How does pardoning a convicted domestic violence abuser and a person convicted of kidnapping, robbery & unlawful possession of a firearm who just coincidentally are in the country illegally contribute to the "state's greater good"?


----------



## BluesLegend (Mar 31, 2018)

Arrest Gov Brown and throw him in federal prison.


----------



## protectionist (Mar 31, 2018)

NewsVine_Mariyam said:


> How does pardoning a convicted domestic violence abuser and a person convicted of kidnapping, robbery & unlawful possession of a firearm who just coincidentally are in the country illegally contribute to the "state's greater good"?

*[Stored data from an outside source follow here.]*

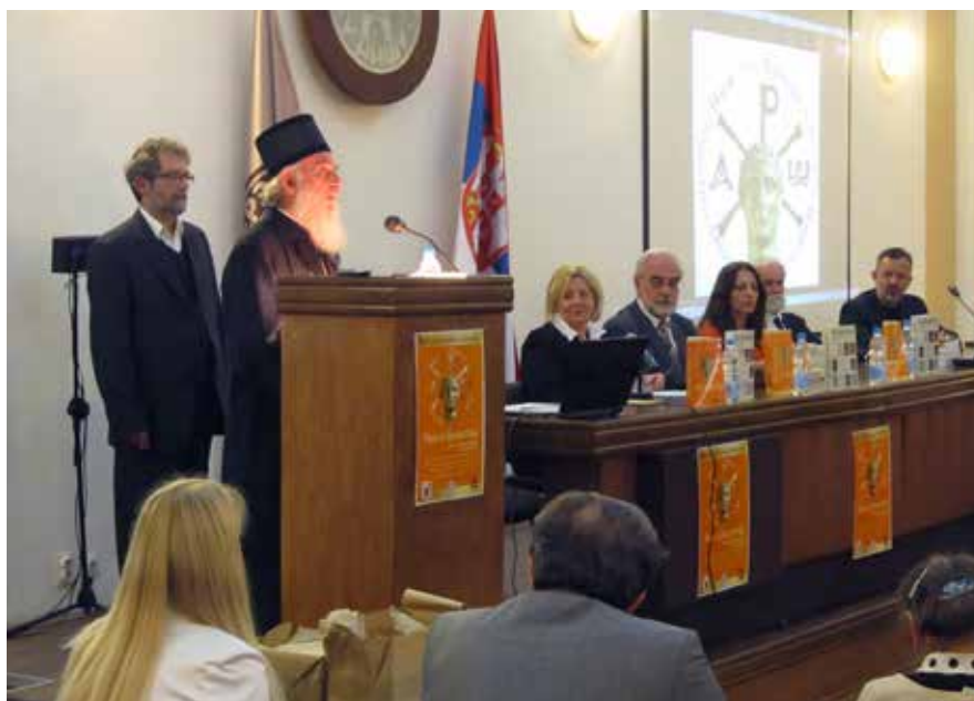
Сл. 1 Патријарх српски господин Иринеј Photo 1: Serbian Patriarch Mr. Irinej

састављен од почетних слова Христовог имена, од овог тренутка зван и као Константинов монограм. Рационални Константинов дух побуђен искреном вером у једног Бога, бива наведен на овај гест, без сумње, искрено прихваћен од војника хришћана, што му је омогућило победу над Максенцијем. Захваљујући овој судбоносној победи он верује у једног Бога и већ следеће године, заједно са Лицинијем, доноси Милански едикт који представља прекретницу у историји човечанства. Константин Велики, први хришћански цар, потоњи Св. цар Константин, успоставља византијску духовност, државу, цивилизацију, културу и уметност. Захваљујући њему европски народи су цивилизацијски и културно обједињени.
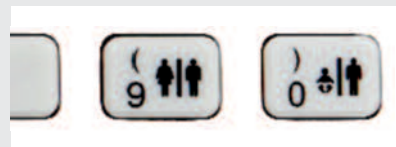
Zrychlená volba pohlaví a věkové skupiny
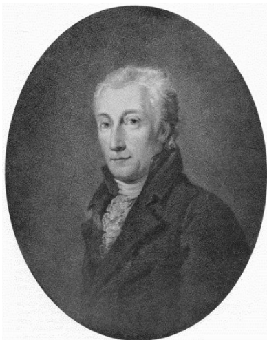
G.K. van Hogendorp (1762-1834)

gaan voorbereiden. 7 Deze grondwet zou de basis vormen van het nieuw te vestigen Koninkrijk der Nederlanden. Op 29 en 30 maart 1814 werd deze grondwet door een vergadering van 474 zogenaamde notabelen goedgekeurd. 8
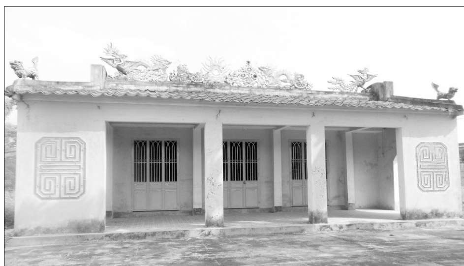
Đình Phú Hòa nhìn từ bên ngoài.

Theo những người cao tuổi của làng, lúc đầu đình chỉ có 3 họ tộc đến khai canh vùng đất này. Do còn quá ít người nên việc thờ cúng dù vốn được coi trọng nhưng điều kiện để thực hiện khá đơn giản. Ngôi đình lúc đầu được dựng vào khoảng cuối thế kỷ XVIII bằng các nguyên liệu sẵn có là tranh, tre, phên nan, nôi hương dùng chỉ là chiếc bát uống nước. Sau đó, đình phải đi dời 3 lần nữa. Lần đầu đi dời vào vào năm 1782. Đình được làm bằng gỗ và lợp tranh, có 4 cột, xung quanh che bằng phên nan. Tuy nhiên, do nơi đây là vùng đất trũng, dễ bị ngập lụt vào mùa mưa nên đến năm 1788,

Democrat gooneybirds will do anything to acquire even just a few more VOTES.


----------



## Bob Blaylock (Mar 31, 2018)

Care4all said:


> harmonica said:
> 
> 
> > what Brown is doing is obviously treason
> ...



  Treason is the only crime specifically defined in the Constitution.

Article III, Section 3:

_Treason against the United States, shall consist only in levying War against them, or in adhering to their Enemies, giving them Aid and Comfort. No Person shall be convicted of Treason unless on the Testimony of two Witnesses to the same overt Act, or on Confession in open Court._

_The Congress shall have power to declare the Punishment of Treason, but no Attainder of Treason shall work Corruption of Blood, or Forfeiture except during the Life of the Person attainted._​
  For purposes of this definition, any illegal foreign invaders certainly count as enemies.  Fairy Moonbeam Brown has been using the power of his office to give aid and comfort to these enemies, helping them to carry out their invasion of this country.  Fairy Moonbream Brown's conduct absolutely meets this definition of treason, as found in our Constitution.

  He is taking the side of foreign invaders, against that of his own country and his own fellow Americans.

  The punishment for treason is death.


----------



## Bob Blaylock (Mar 31, 2018)

Care4all said:


> Does it matter?  If they are called Illegal immigrants or illegal aliens or undocumented immigrants?
> 
> OF COURSE NOT!
> 
> So getting your panties in a wad over a "title" that covers them no matter which one is used, serves absolutely no purpose other than showing deep seeded hatred on your coat sleeve for all to see RGS...



  Orwell called his version of what you are trying to do, _“Newspeak”_—corrupting the language in order to suppress the expression of positions deemed subversive.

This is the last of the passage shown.